Kyla’s eyes fluttered open, and she saw Jace leaning over her. He looked like she felt—pale and scared. Behind him, his horse waited restively.
She tried to speak but the fall had knocked the wind out of her. “My dress . . .” she uttered in a breathless whisper. She’d seen her pack sail past her face, end over end. She groped the front of her shirt, searching for her locket under the fabric. She felt the warm, hard metal trapped against her breastbone.
Jace shook his head as if she were talking nonsense. “Can you move?” he asked.
"Yes, I guess so," she said and struggled to sit up. A rock pressed into her back. Jace gripped her arm to help her.
“Do you hurt anywhere?”
Her entire being shook as though sh
e had palsy, and she was bruised, but nothing felt broken or sprained. “No. Where’s Juniper?”
“He took off up that way,” he said, pointing toward the ridge. “You’ll have to ride with me, and we need to get going.”
“But what about my horse? I can’t just leave him.”
He shook his head and the concern in his expression solidified to grim resolve. “There’s nothing we can do about finding him, and you know it. We’ll be buried in snow if we don’t keep moving.”

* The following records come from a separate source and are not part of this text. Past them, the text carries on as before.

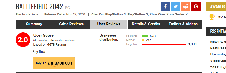 В 2022 году Electronic Arts еще не выпустила ни одной крупной новой игры и продолжает разгребать последствия релиза не самой удачной Battlefield 2042, выпущенной в ноябре прошлого. Ранее в этом году EA признала, что шутер «не нашел отклика у фанатов». Это подтверждает и реакция на Metacritic, где Battlefield 2042 имеет пользовательский рейтинг 2.0 и почти 4 тысячи негативных оценок.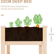 Giving your beloved flowers and plants their own spot to grow and nurture with this raised planter bed from Outsunny. Made from fir wood in a natural finish to blend in seamlessly with its surroundings, its design features a large 80 x 40cm open planter, giving you full control to plant a design which shows off your unique gardening style, with an inner cloth bag for easy and quick cleaning. Raised in design to stop any dirt touching the main unit, as well as reducing stress on the back and knees, it is finished with water-resistant paint all over to ensure it can be used outdoors all year-round. The key to falling in love with your garden all over again.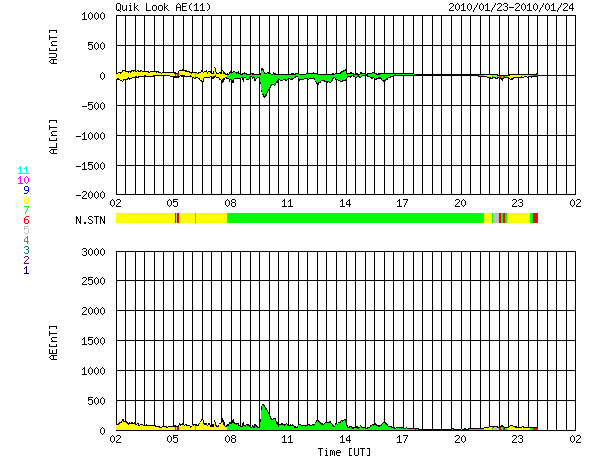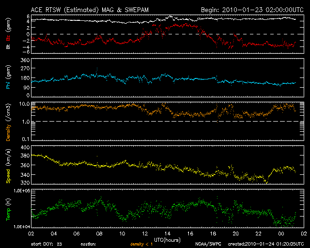 2010/ 1/24 10:20 更新 太陽風は低速風になりました(340km/秒)。太陽の活動も落ち着いています。 担当 篠原 太陽風の速度はゆっくりと下がって、340km/秒になっています。 すっかり低速太陽風になりました。 磁場強度は、5nTと平均的な強さを保っています。 面白いことに、磁場の南北成分が長い時間南を向いています。 その影響でしょう、オーロラの活動を示すAE指数も、 小さな変化が長い時間見られています。 太陽風は、このまま低速状態が当分続くことになりそうです。 27日周期の図では、前周期の速度のグラフはずっと300km/秒を割った状態です。 SOHO EIT195の太陽コロナにも、コロナホールは見られません。 昨日は、静止衛星(GOES)の高エネルギー電子のグラフが、久しぶりに増加しました。 といっても、10^1と、全く問題のない非常に低いレベルの変化です。 (問題になるのは、10^4くらいです) それでも、1カ月ぶりの上昇です。 太陽は、Bクラスの小さな変動が続いていますが、目立ったフレア活動は起きていません。 (2カ月前までは、このレベルでも話題になるような活動だったのですが) 新しく現れた1042黒点群も、黒点としては広がっていますが、活動は落ち着いているようです。 1041黒点群とともに、引き続き小中規模のフレアに注意が必要です。 SOHO EIT195による太陽コロナ。24日10時(世界時24日1時)。 (c) SOHO (ESA & NASA) ![]() SOHOによる太陽可視光写真。2つの黒点群が見えています。 (c) SOHO (ESA & NASA) ![]() ACEが観測した太陽風の磁場(1番上の枠、白線は全体の強度、赤線は南北成分) および、太陽風の密度(3番目の橙線)、速度(4番目の黄線) (c) NOAA/SWPC ![]() リアルタイムAE指数 下段のAEグラフの値が高くなると、オーロラ活動が活発化しています。 (c) 京都大学, NICT ![]() シベリアで観測された3日間の磁場データ 右側の3分の1が、昨日のデータになります。グラフが上がったり下がったりすると、オーロラ活動が活発化しています。 (c) NICT ![]() 27日の太陽周期に合わせたデータプロット 太陽が同じ面を地球に向けていた27日前の変化から、今後を予想することができます。 (c) NICT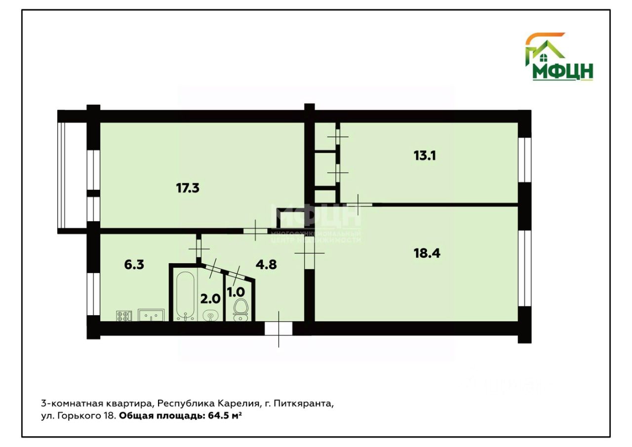- комнаты: 18,4; 17,3 и 13,1 кв. м;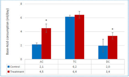 Figure 1 Average base-acid consumption over the entire control (n=6) and treatment period (n=6). Results are provided for the ascending colon (AC), transverse colon (TC) and descending colon (DC).

Yes, she knew he was right, but she was heartsick. She’d raised Juniper from a colt. It seemed that one by one, everything that mattered in her life was slipping away—the ranch, her horse, her identity, even her courage. She might get them back, but they might be gone forever. Or irrevocably changed.
“My horse is gone. I lost my dress, and my gear.”

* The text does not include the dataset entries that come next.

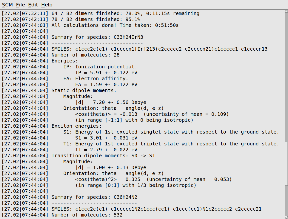 If you do not want to wait for the calculation to finish, you can download the files here (HDF5) and here (YAML) or take them from the OLED material database, where it is stored as host+guest/CBP+fac-Irppy3/properties.{hdf5,yml}.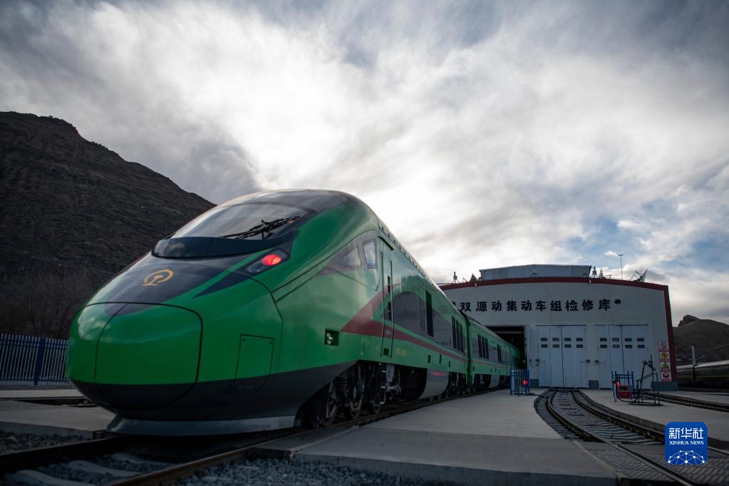在拉薩機輛整備中心,動車組在檢修庫進行整備作業(1月10日攝)。新華社記者 孫非 攝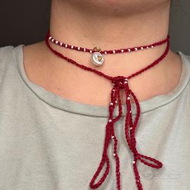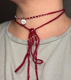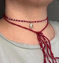 Collana fatta all'uncinetto con filato in cotone, con perline e charm con cuore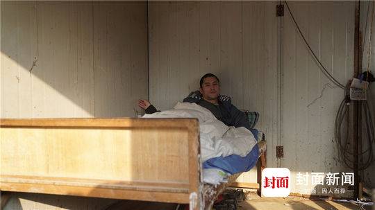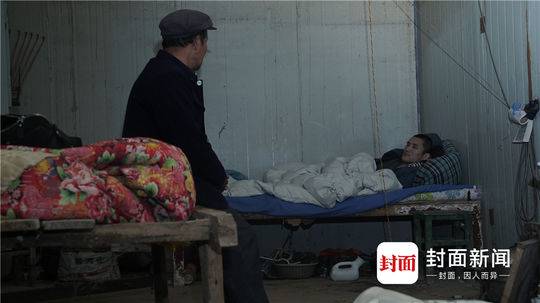 铁皮活动房还在,门对面是个斑驳的木床,因为儿子回来,冀太荣在旁边支起一个木架子,覆上一层纸板,遮住了两个大窟窿,算是他自己的床。两张床靠得很近,冀太荣说,“睡旁边方便照看他。”

He frowned impatiently. “Hell, I’ll get you another dress, if that’ll make you feel better,” he said, waving an arm at their surroundings. “But right now it’s not the most important thing we have to worry about.”
She looked up at Jace’s strained white face, then dropped her gaze to her snow-dusted lap. No, of course it wasn’t the most important thing, but her sense of loss grew heavier, like a burden she could no longer carry. Her shoulders slumped and she suddenly felt too cold and tired to go on. How much could one person take?
As if sensing her looming resignation, Jace gripped her shoulders in his strong hands. “Come on, Kyla, don’t you quit on me,” he ordered. “We’ve come too far to give up now.”
“M-my arm hurts,” she fretted wearily. Hot tears sprang to her eyes, this time from utter despair. She hated to cry in front of anyone, especially Jace. He’d think she was just a weak, puling female. But in her misery she couldn’t stop herself, and she began sobbing in earnest. “And—and I’m so cold.”
He studied her for a moment, his gaze touching her mouth, her eyes. Then he did the most astounding thing. He opened his duster and took her into his embrace, closing the edges of the coat around her. Pressing her cheek to the wall of his chest, he murmured, “I know you’re cold, honey, but we have to get out of here or we’ll freeze to death.”